• [GIVEN MATERIAL]
****************

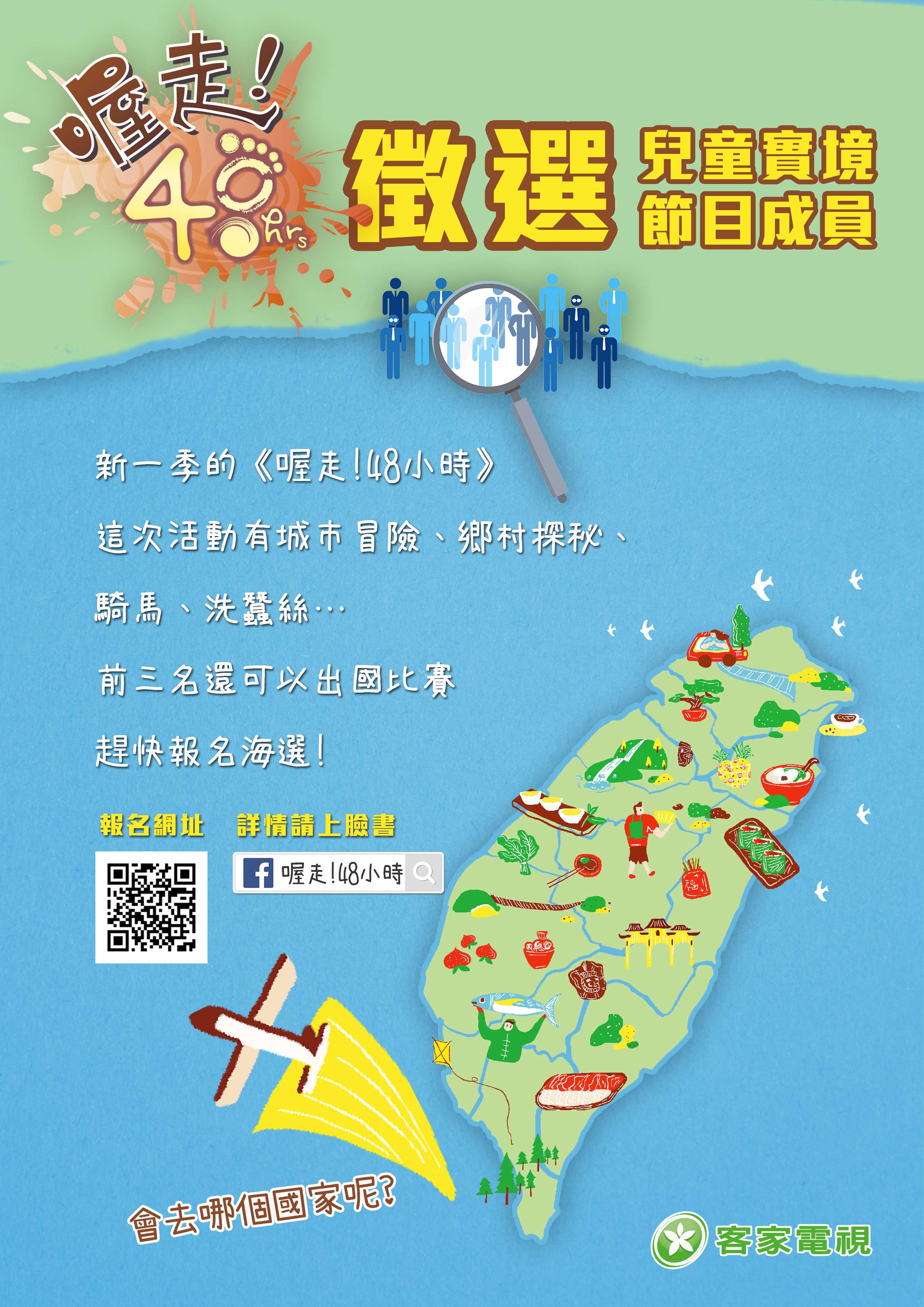 一、《喔走!48小時》是一個以四到六年級學生為主體的實境 節目,每季依據不同的主題設計情境,主要以戶外活動為 主,讓孩子體會在大自然中的樂趣,學習自己解決問題、 團隊合作、完成任務。曾多次獲選臺灣媒體觀察教育基金 會主辦之國人自製兒少節目五顆星,並榮獲兒少發聲獎, 也得到亞洲優質兒童節目入圍等國際肯定。 二、本節目即將展開第十三季拍攝,主題為「勇闖客家庄」, 目前正進行成員徵選,歡迎有興趣的同學報名參加。報名 與活動說明詳見:https://forms.gle /qpoVuPKv8afjryW37。 三、報名截止日期為112年3月10日,並預計於112年3月14日到15日進行海選,詳細時間地點將由製作單位另行通知。 五、如有任何疑問,請洽詢製作單位傳愛家族傳播文化事業有 限公司 (一)楊小姐02-24579231分機13,alice.y927@gmail.com 。 (二)林小姐02-24579231分機19,yun0308@gmail.com 。 (三)或參考節目粉絲專頁https://www.facebook.com /ogo48hrs。
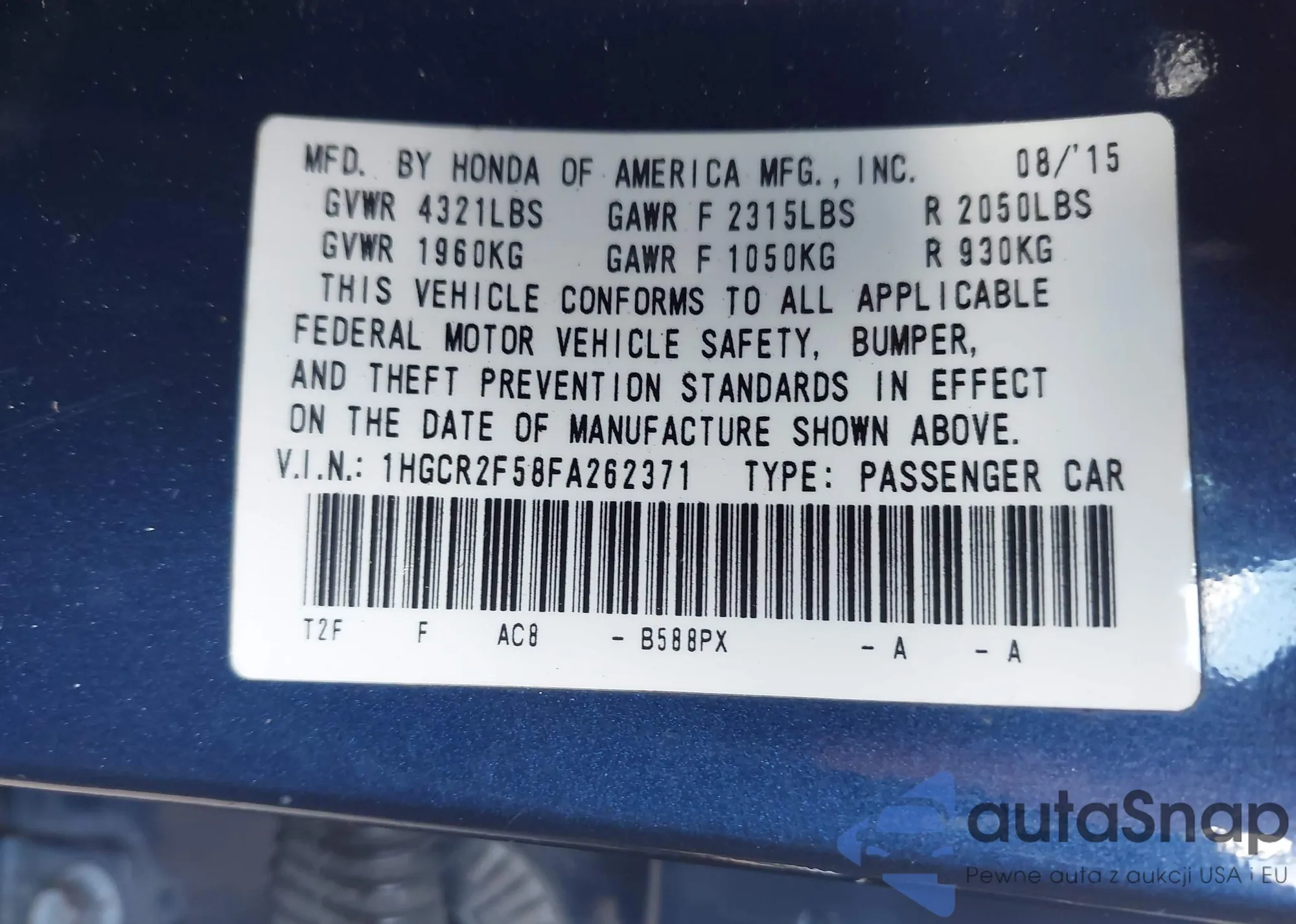 LOT: 44170573 VIN: 1HGCR2F58FA262371
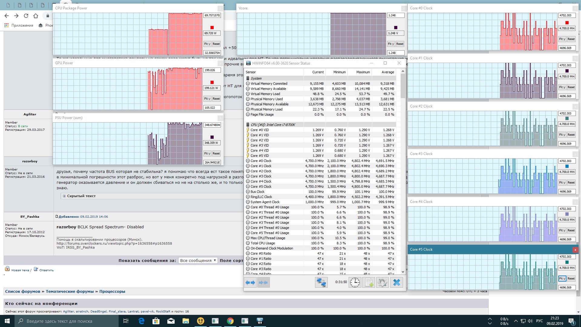 друзья, почему частота BUS которая не стабильна? я понимаю что всегда ест такое понятие как девиация частоты, но даже самые глупые устройства и на 5 ГГЦ умудряются синхронизироваться и держать в минимальной погрешности этот разброс, но вот у меня конкретно под нагрузкой в разгоне частоты от 4691-4703 хаотично на всех ядрах. конечно не спорю в переходных моментах на задающий генератор оказывается давление и он должен сбиваться но не на столько же, и то только в момент смены множителя. как его стабилизировать в биосе куча настроек по этому поводу а подробностей не знаю.
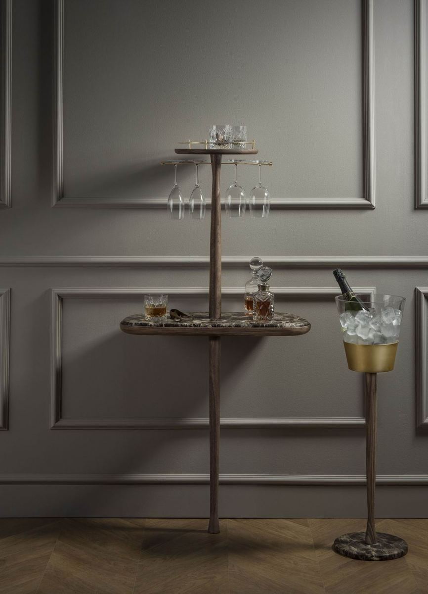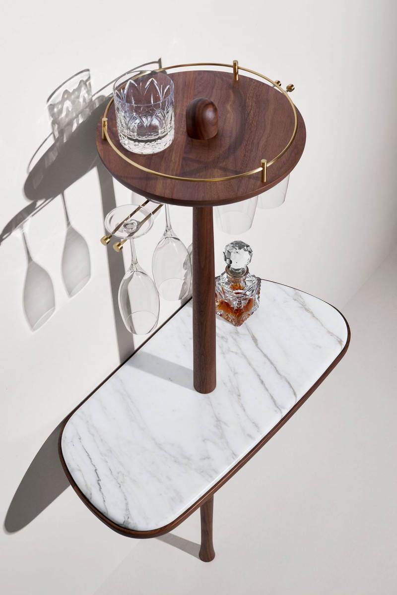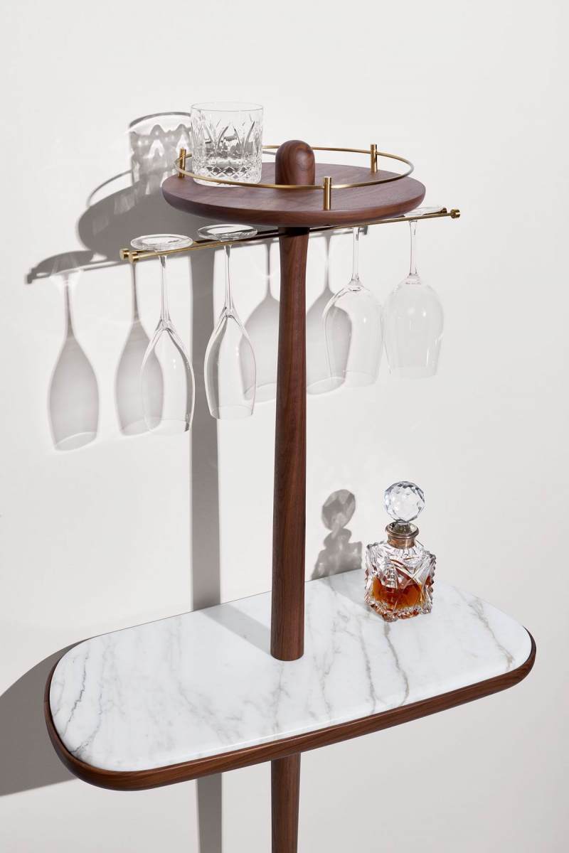 We create a space to enjoy a drink in good company. Marble top and suspended cups from the golden rods evoke classical bar cabinets.

****************

• [DIRECTIONS FOR THIS TASK]
Exclude every picture, then reproduce the remaining data character for character.

• [FINISHED TASK]
 一、《喔走!48小時》是一個以四到六年級學生為主體的實境 節目,每季依據不同的主題設計情境,主要以戶外活動為 主,讓孩子體會在大自然中的樂趣,學習自己解決問題、 團隊合作、完成任務。曾多次獲選臺灣媒體觀察教育基金 會主辦之國人自製兒少節目五顆星,並榮獲兒少發聲獎, 也得到亞洲優質兒童節目入圍等國際肯定。 二、本節目即將展開第十三季拍攝,主題為「勇闖客家庄」, 目前正進行成員徵選,歡迎有興趣的同學報名參加。報名 與活動說明詳見:https://forms.gle /qpoVuPKv8afjryW37。 三、報名截止日期為112年3月10日,並預計於112年3月14日到15日進行海選,詳細時間地點將由製作單位另行通知。 五、如有任何疑問,請洽詢製作單位傳愛家族傳播文化事業有 限公司 (一)楊小姐02-24579231分機13,alice.y927@gmail.com 。 (二)林小姐02-24579231分機19,yun0308@gmail.com 。 (三)或參考節目粉絲專頁https://www.facebook.com /ogo48hrs。
 LOT: 44170573 VIN: 1HGCR2F58FA262371
 друзья, почему частота BUS которая не стабильна? я понимаю что всегда ест такое понятие как девиация частоты, но даже самые глупые устройства и на 5 ГГЦ умудряются синхронизироваться и держать в минимальной погрешности этот разброс, но вот у меня конкретно под нагрузкой в разгоне частоты от 4691-4703 хаотично на всех ядрах. конечно не спорю в переходных моментах на задающий генератор оказывается давление и он должен сбиваться но не на столько же, и то только в момент смены множителя. как его стабилизировать в биосе куча настроек по этому поводу а подробностей не знаю.
 We create a space to enjoy a drink in good company. Marble top and suspended cups from the golden rods evoke classical bar cabinets.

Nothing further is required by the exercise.